Poems from the Global Village: Quantum Poetry Vol. I is available from Keystone Publications (signed paperback) and from Amazon (paperback)
“I am a child of the lost race of the city-people”
So it began in 2004, the series of poems and one essay that has wound its way through four volumes of my Quantum Poetry series, a series which tracks a journey from finding myself trapped in the “city culture” in Volume I to finding myself at home in the cosmos in Volume IV:
“I am a child of the lost race of the city-people
that has forgotten how to live”
These are the first lines of All the Riches I Inherited, the second poem in this volume in which the city becomes a potent symbol of alienation. It reflects my modernist, fragmented worldview at the time; disconnected from nature and soul but full of yearning.
This Volume I contains four poems:
- The Death of the Human Situation
- All the Riches I Inherited
- For What I Am, It Has No Price
- My Gallows Star
The poems The Death of the Human Situation and All the Riches I Inherited lament a world where humanity is mechanized; a poetic expression of ecological alienation.
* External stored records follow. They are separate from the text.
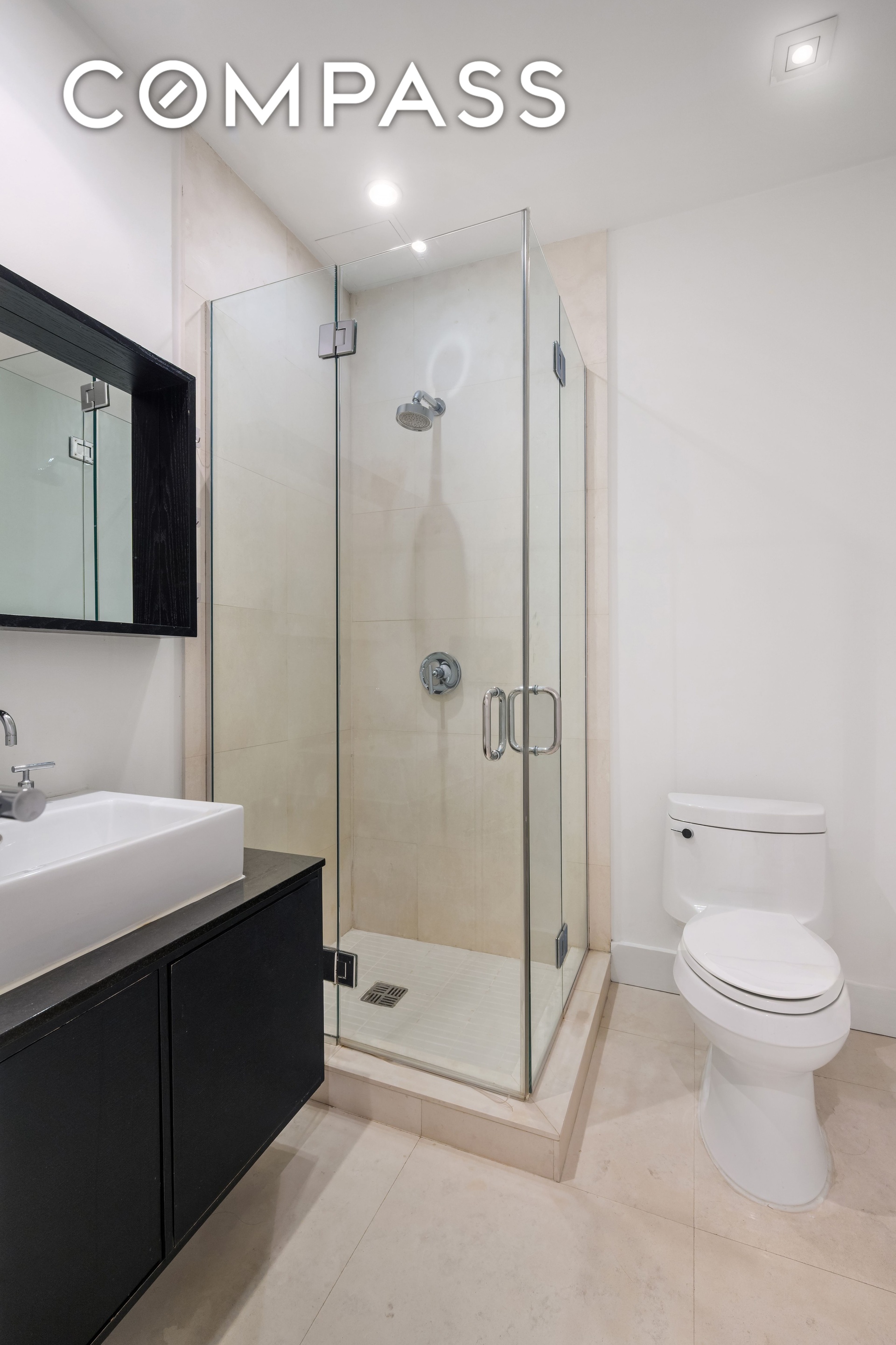 The open-concept kitchen is both stylish and functional, featuring sleek stone countertops, a Liebherr refrigerator, Bosch appliances, a vented hood, gas range, and an in-unit washer/dryer combo. The expansive primary suite spans an impressive 12' x 29', offering the feel of a private apartment within the home. It boasts a spa-like en-suite bath with a luxurious soaking tub, custom Kohler fixtures, and an enormous, custom-designed walk-in closet. If you're in need of a home office, den, or playroom, there’s plenty of space to create one—see the alternate floor plan for inspiration. The second full bathroom continues the home’s refined aesthetic, with Kohler fixtures and modern finishes.
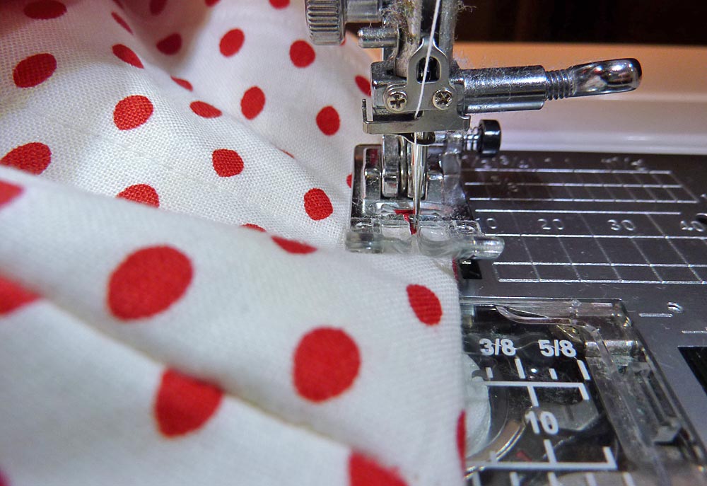 - Using a ⅜” seam allowance, stitch all the way around the ring through all the layers. If you stitch with the ruffles on top, you can follow the ⅜” machine basting line. Stitching with the ruffles on top also helps make sure your ruffles stay even and flat.
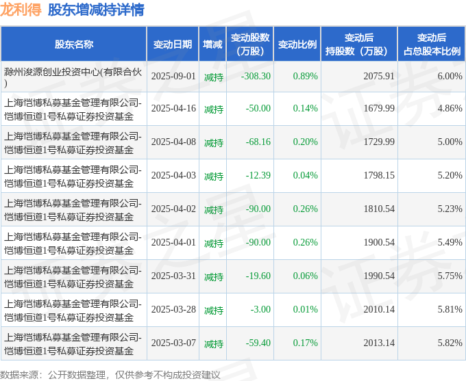 该股近半年内有股东持股变动,合计净减持700.85万股,股东增减持明细如下表:

The city-people I find myself born unto are symbolic of a humanity estranged from its natural and spiritual roots, reduced to fragmented existence. The city represents a severed ecosystem—one where nature and meaning have been replaced by mechanization, consumption, and loneliness.
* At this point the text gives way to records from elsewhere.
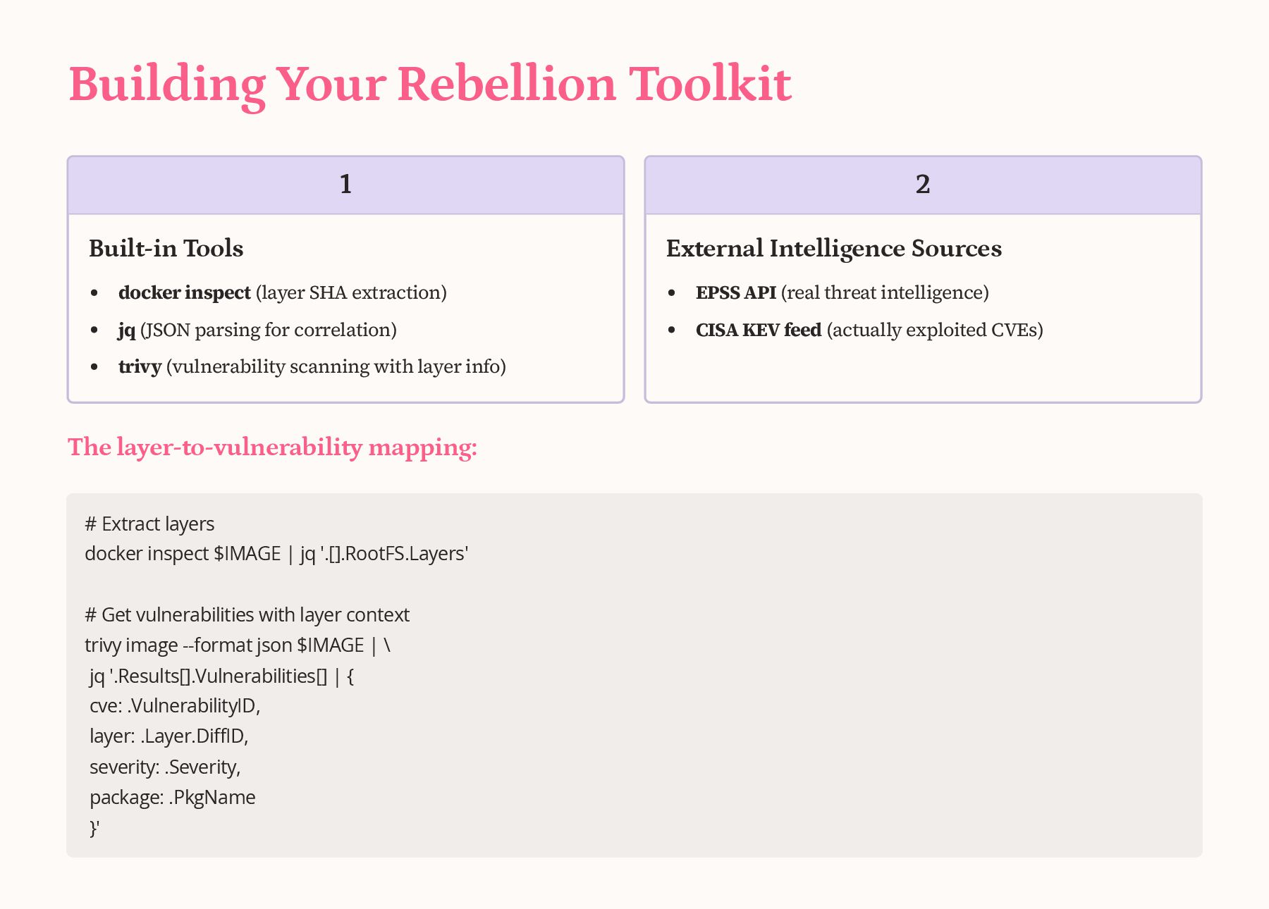 SHA extraction) jq (JSON parsing for correlation) trivy (vulnerability scanning with layer info) 2 External Intelligence Sources EPSS API (real threat intelligence) CISA KEV feed (actually exploited CVEs) The layer-to-vulnerability mapping: # Extract layers docker inspect $IMAGE | jq '.[].RootFS.Layers' # Get vulnerabilities with layer context trivy image --format json $IMAGE | \ jq '.Results[].Vulnerabilities[] | { cve: .VulnerabilityID, layer: .Layer.DiffID, severity: .Severity, package: .PkgName }'
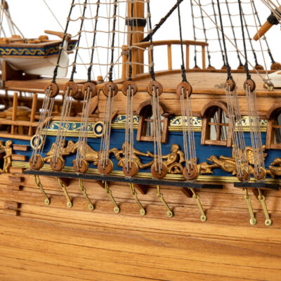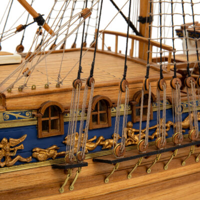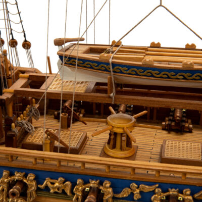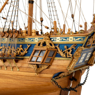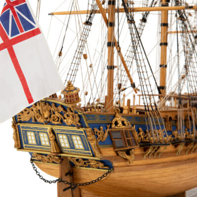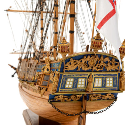 Construit au chantier naval Deptford sous la supervision du charpentier Hollond, d’après un plan de l’arpenteur de marine J. ALLIN, il mesurait 40 mètres de long et 7,5 mètres de large,
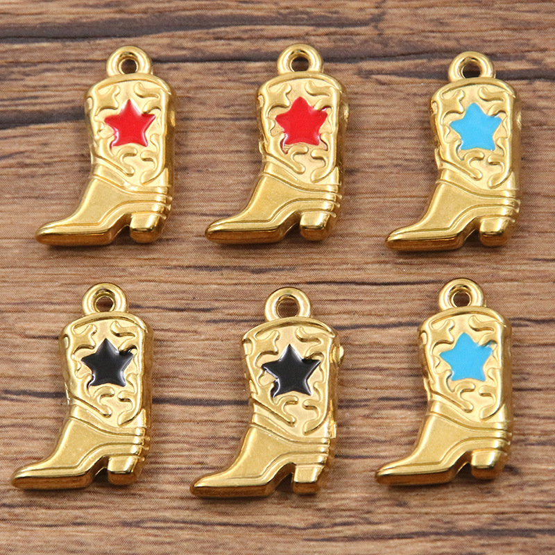 Pendentifs en acier inoxydable émail, Acier inoxydable 304, chaussures, Placage de couleur d'or, DIY, plus de couleurs à choisir, 13x20mm, 10PC/sac, Vendu par sac
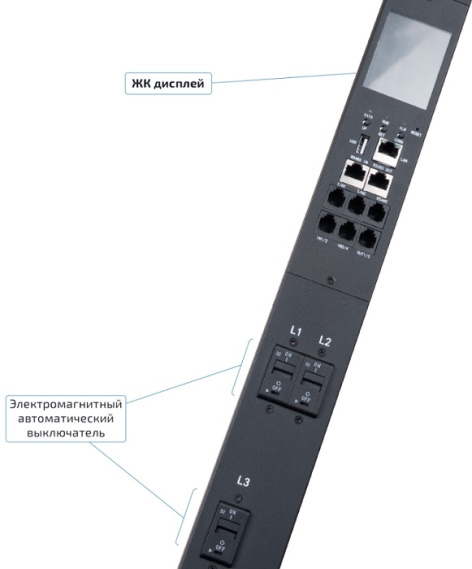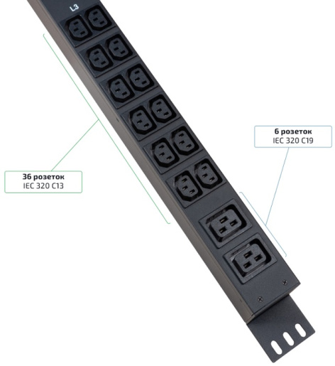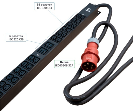 Трехфазный блок электрических розеток предназначен для распределения электропитания между активным оборудованием в телекоммуникационных шкафах. Блок розеток имеет 36 розеток C13 и 6 розеток C19. Подключение к сети через промышленный разъем IEC60309. Блок поддерживает удаленный мониторинг общей нагрузки на блок.
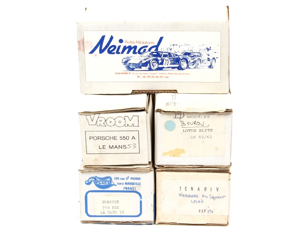 kits à monter (semblent complets) - miniatures reproduisant les modèles : FORD, LOTUS, PORSCHE & FERRARI (un exemplaire monté - manque une fixation de plancher - boite non conforme) - on y retrouve les marques : RECORD, NEIMAD (sans notice), VROOM, TENARIV & DM MODELES - quelques annotations & traces d'humidité sur les boites (plus ou moins importants)
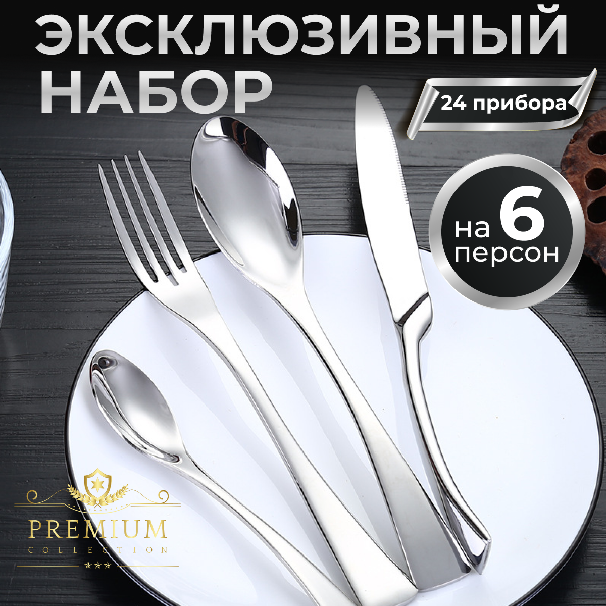 Набор столовых приборов на 6 персон 24 предмета цвет серебро, эксклюзивный
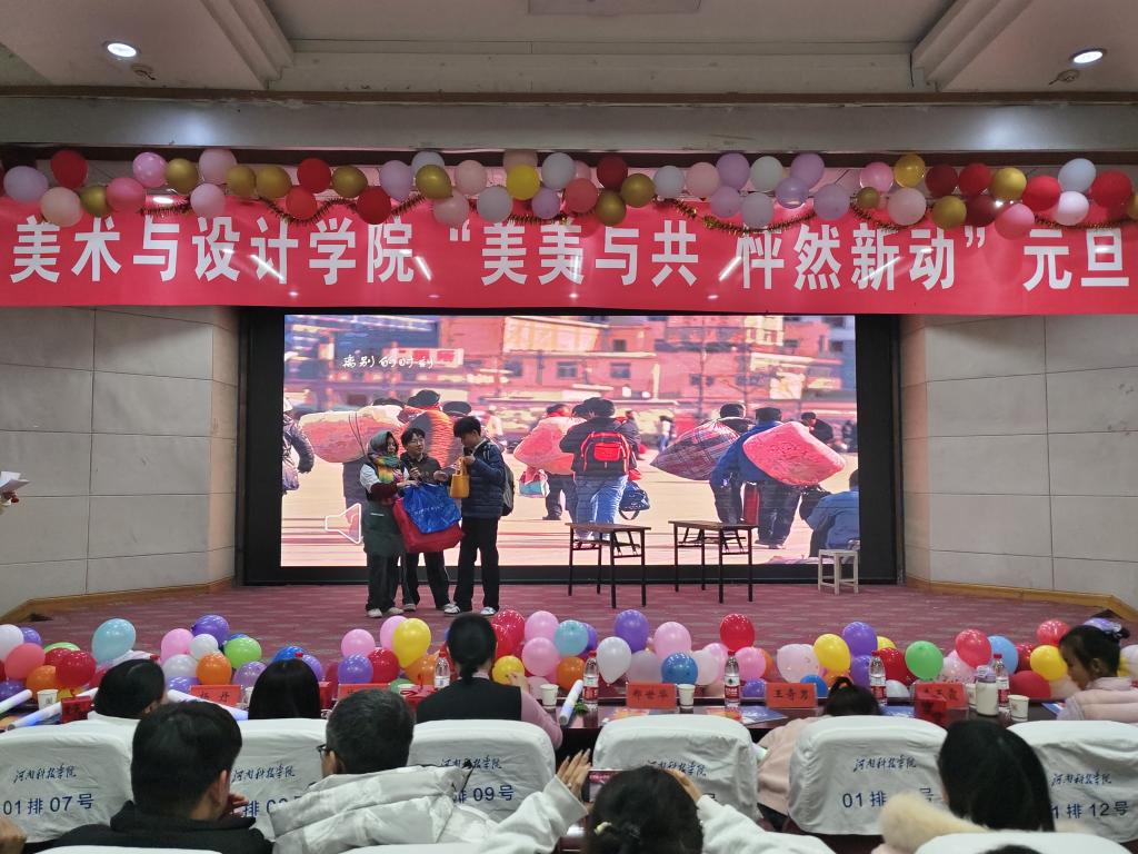元旦祥光绕,山河淑气催。为庆贺元旦佳节,提升学院的凝聚力和向心力,绽放校园新活力,12月30日,美术与设计学院在博闻楼举办“美美与共,怦然新动”迎新暨元旦晚会。学院师生共300余人观看了本次晚会。

Stylistically, the poems bear an aesthetic of starkness and grief. Their beauty lies in the raw articulation of disconnection, which, paradoxically, awakens the yearning for a return to wholeness. Inside there is an ethical call: the recognition of loss becomes the seed of ecological and existential regeneration.
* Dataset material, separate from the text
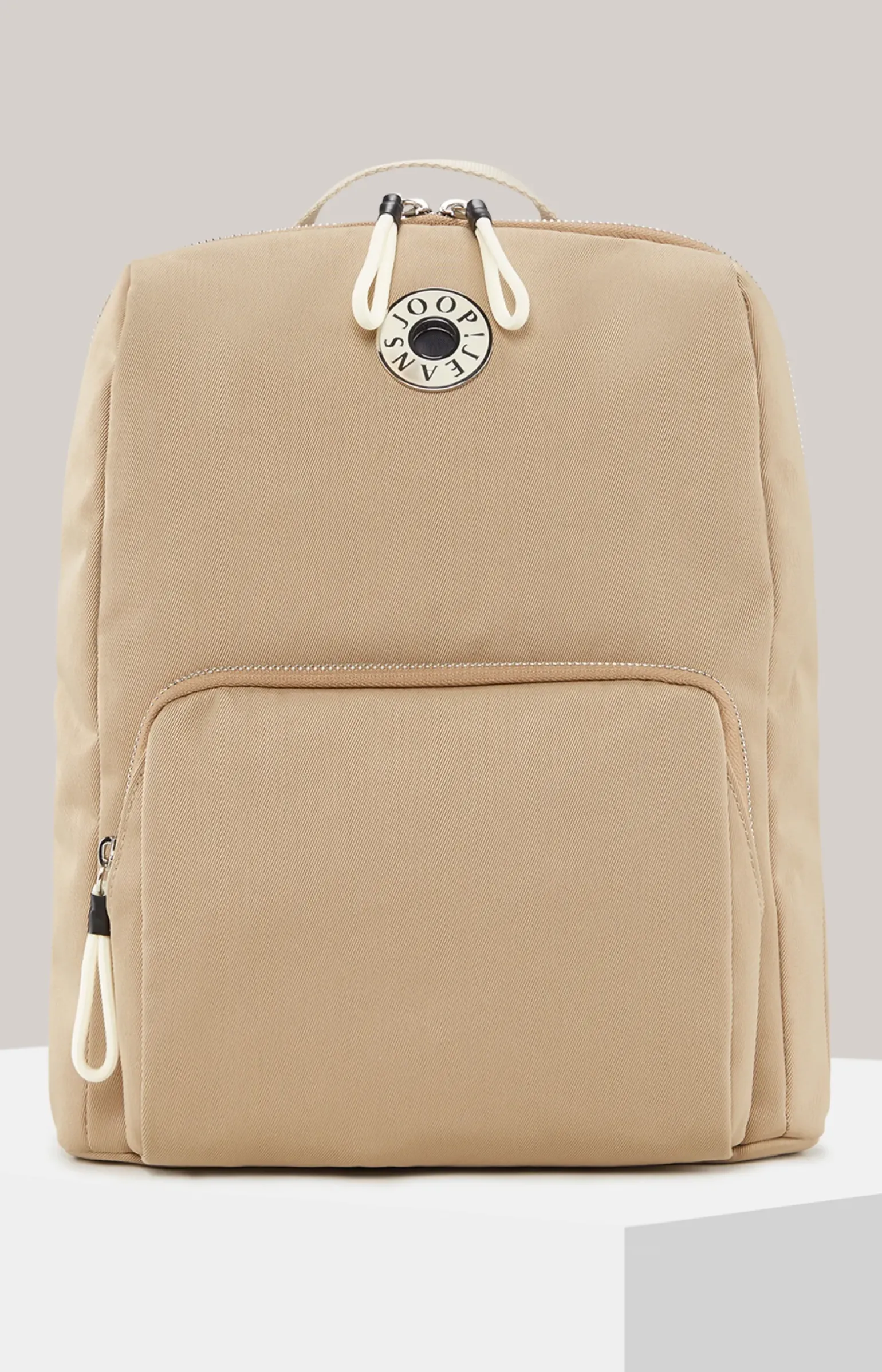 - Zip-Fach vorder- und rückseitig mit Kordelstopper
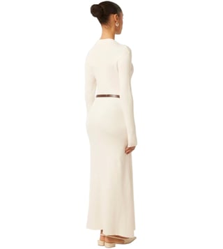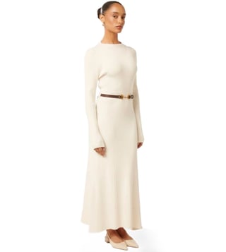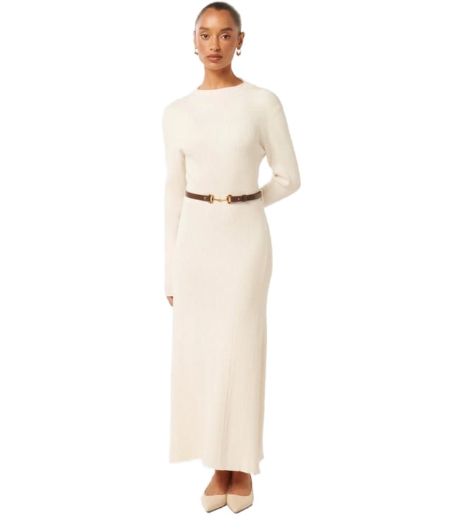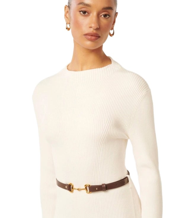 Look effortlessly stylish by wearing this cream dress with belt from Forever New. Tailored to sartorial perfection from premium quality fabric, it assures a soft and soothing touch against the skin. The crew neck adds to its appeal. Exuding full sleeves, it is sure to fetch you compliments from all.

“What semi-romantic piffle”
Initially, I only kept one of the poems in this volume – My Gallows Star – because it would not allow me to archive it with the others after it had received a devastating response by a critique at the time: “What semi-romantic piffle,” he had written in response to my eager request for an appraisal. The words hurt. I did not agree. Yet, they had a profound effect on me: I threw them in an archive box along with so much else.
It was a tragic and fateful decision which yet carried inside of it the possibility for me to return to the same place once again with greater consciousness once I was older and at least a more differentiated human being, if not a wiser one. That time is now because it has become clear even to me that the message written to myself and contained within those poems reflects accurately what I have alluded to elsewhere:
“Sometimes, writing is like a stepladder into the inwardness of myself. Other times, it feels as though I am being written into being by a poem maybe even over a few decades.”
“First Peoples and Second Peoples seem to have a fundamental disagreement on the nature of reality and the basic law of existence.”
It was my reading of Tyson Yunkaporta’s Sand Talk: How Indigenous Thinking Can Save the World that led me to discover the deeper meaning of these poems in my personal development. I found myself reconnecting with something that was essential to me, something of which I was made, and something which I had yet ignored and even rejected.
This is why I have quoted from Tyson’s Sand Talk in the epigraph to Poems from the Global Village:
“First Peoples and Second Peoples seem to have a fundamental disagreement on the nature of reality and the basic law of existence.”
This encapsulates what I have been trying to understand ever since and why I wrote the poems in the first place.